Kwang Yang plans 15 ‘greener’ scooters

REDUCING POLLUTION:People buying fuel-powered scooters that meet Phase 7 emissions standards could receive up to NT$5,000 if they retire their old scooter

By Lisa Wang  /  Staff reporter

Kwang Yang Motor Co chief executive officer Ko Chun-ping gestures at the launch of two new scooters, which meet Phase 7 emissions standards, in Taipei yesterday.

Photo: CNA

Kwang Yang Motor Co (光陽工業), the nation’s largest manufacturer of gasoline-powered scooters, plans to defend its market position next year by rolling out 15 new gasoline-powered scooter models that meet the government’s Phase 7 emissions standards.

To cope with stringent emissions requirements, the company yesterday launched two scooters that it says produce 96 percent less greenhouse gas emissions than scooters that meet the Phase 6 emissions standards.

The older-generation scooters would be phased out, the company said.

The Kaohsiung-based company said that local scooter makers are gearing up to launch new low-emission models after the Environmental Protection Administration (EPA) in October introduced the new scooter emissions law to reduce air pollution, which is to go into effect next year, one year earlier than originally scheduled.

The EPA plans to subsidize purchases of fuel-powered scooters that meet the new emissions standards for two years, beginning next year.

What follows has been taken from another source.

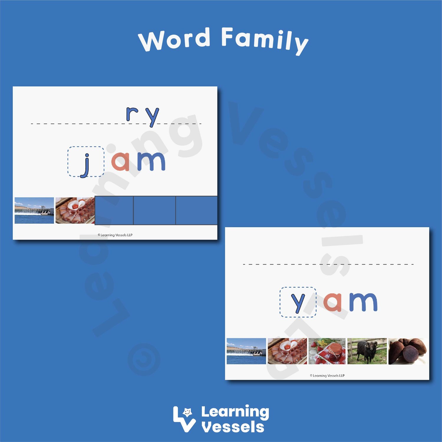 i. An animated set of slides for blending Word Family words like -at, ig, en, -op, -ug words. Pictures representing the word will be ‘revealed’ after the child has tried to read a word correctly. (can only be used in Microsoft Powerpoint!)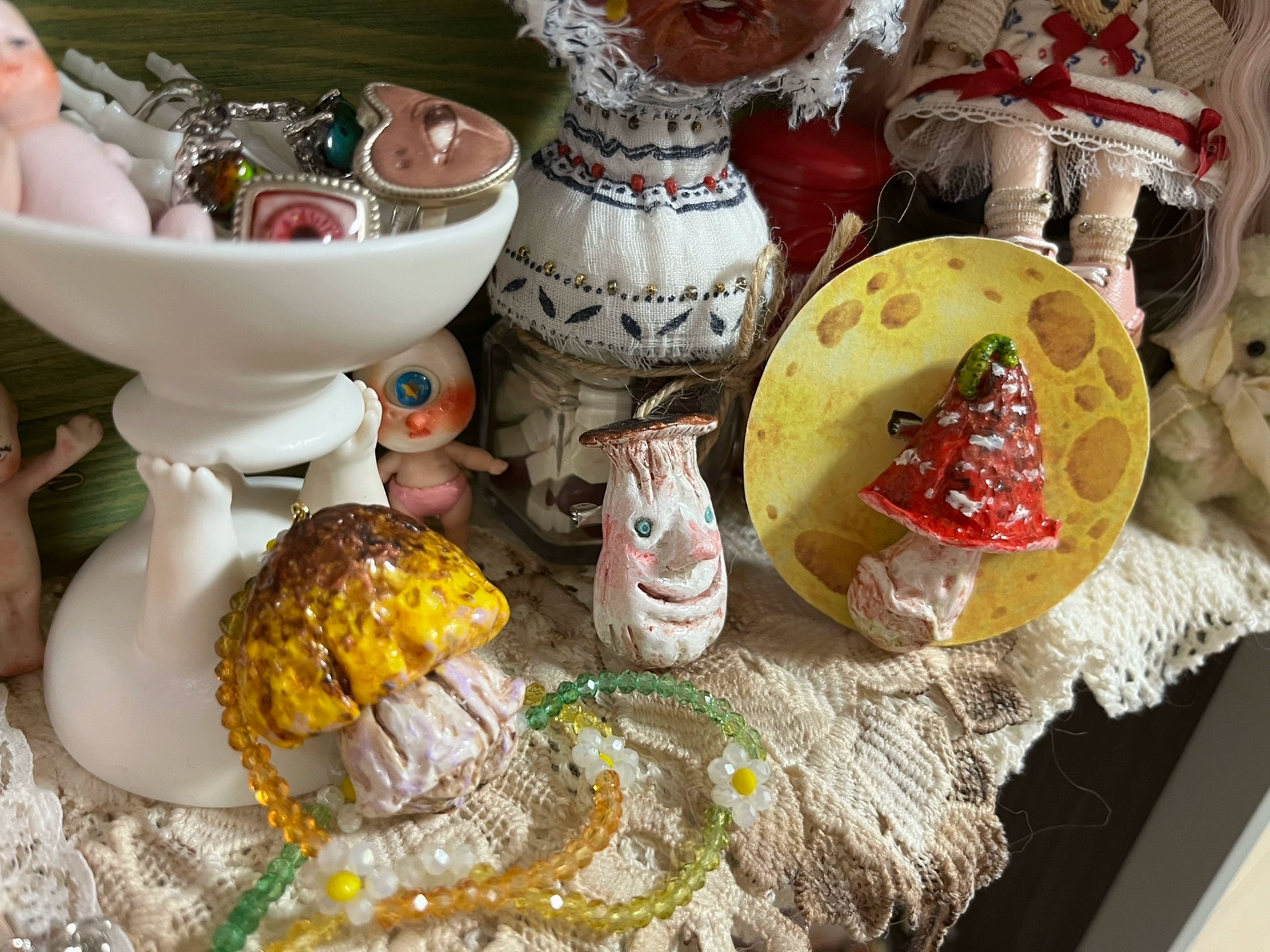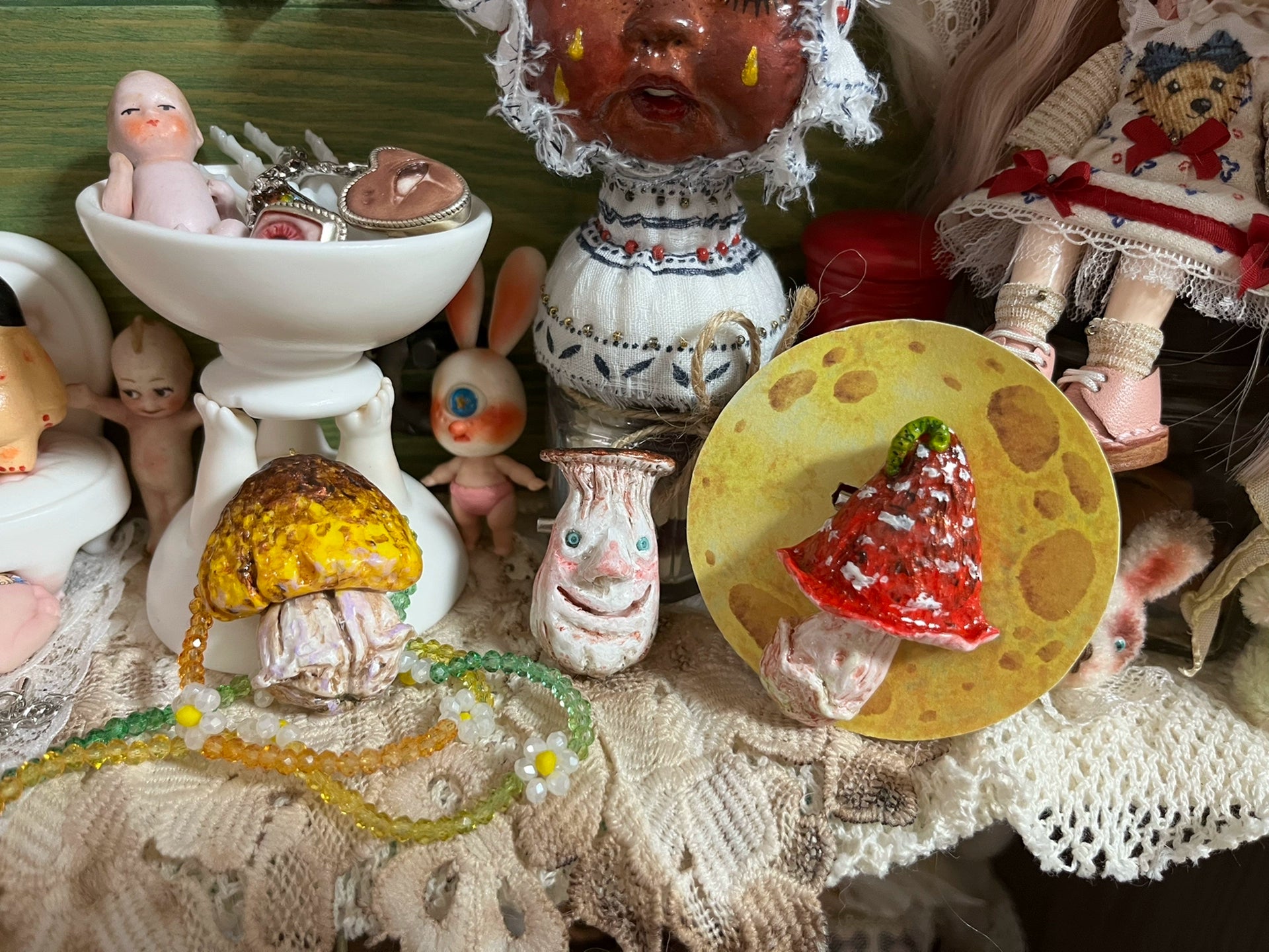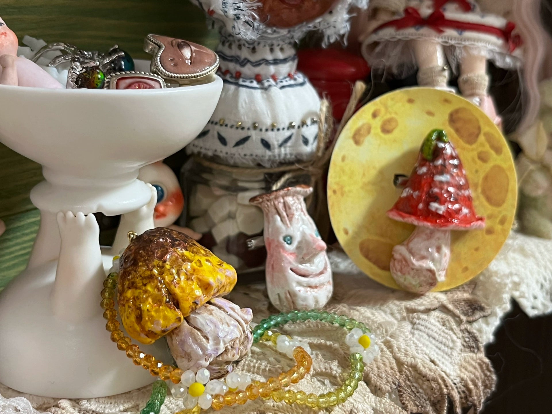 Mushroom Handmade Brooch And Necklace Set

People would receive NT$5,000 each for retiring their heavy scooters, or NT$3,000 for light models.

“We will roll out 15 new models gradually that meet Phase 7 emissions standards next year,” Kwang Yang chief executive officer Ko Chun-ping (柯俊斌) told reporters at a year-end media gathering in Taipei.

Sanyang Motor Co (三陽), the No. 3 scooter maker in Taiwan, also plans to launch seven new scooters that meet the Phase 7 standards.

Three of them are to hit the market next month, the company said in a statement yesterday.

Regarding the outlook for the local scooter market next year, Ko maintained a conservative attitude.

“The scooter market will see a volatile year in 2020, as the government’s policies will greatly affect consumers’ behavior,” he said.

Ko said he expects the nation’s scooter sales to shrink 1.16 percent to 855,000 units next year from an estimate of 865,000 units for this year.

Electric scooters are expected to comprise 13.5 percent of the nation’s overall scooter market next year compared with 17.5 percent this year, as a result of government subsidy cuts, he said.

Since early this year, Ko has been calling on the government to scrap the commodity tax on gasoline-powered scooters so that companies can fairly compete with electric scooter manufacturers, rather than just lowering the tax by NT$4,000 per vehicle to replace an old one.

The government levies a 17 percent commodity tax on the retail price of gasoline-powered scooters, but not on electric scooters.

Kwang Yang plans to launch three or four electric scooters next year, Ko said.

The company operates 550 recharge stations where riders can recharge their electric scooters or swap empty batteries for fully charged ones, he said.

Kwang Yang sold 266,394 own-brand scooters, including 8,506 electric models, in the first 11 months of this year, seizing a 33.5 percent share of the market, Ko said.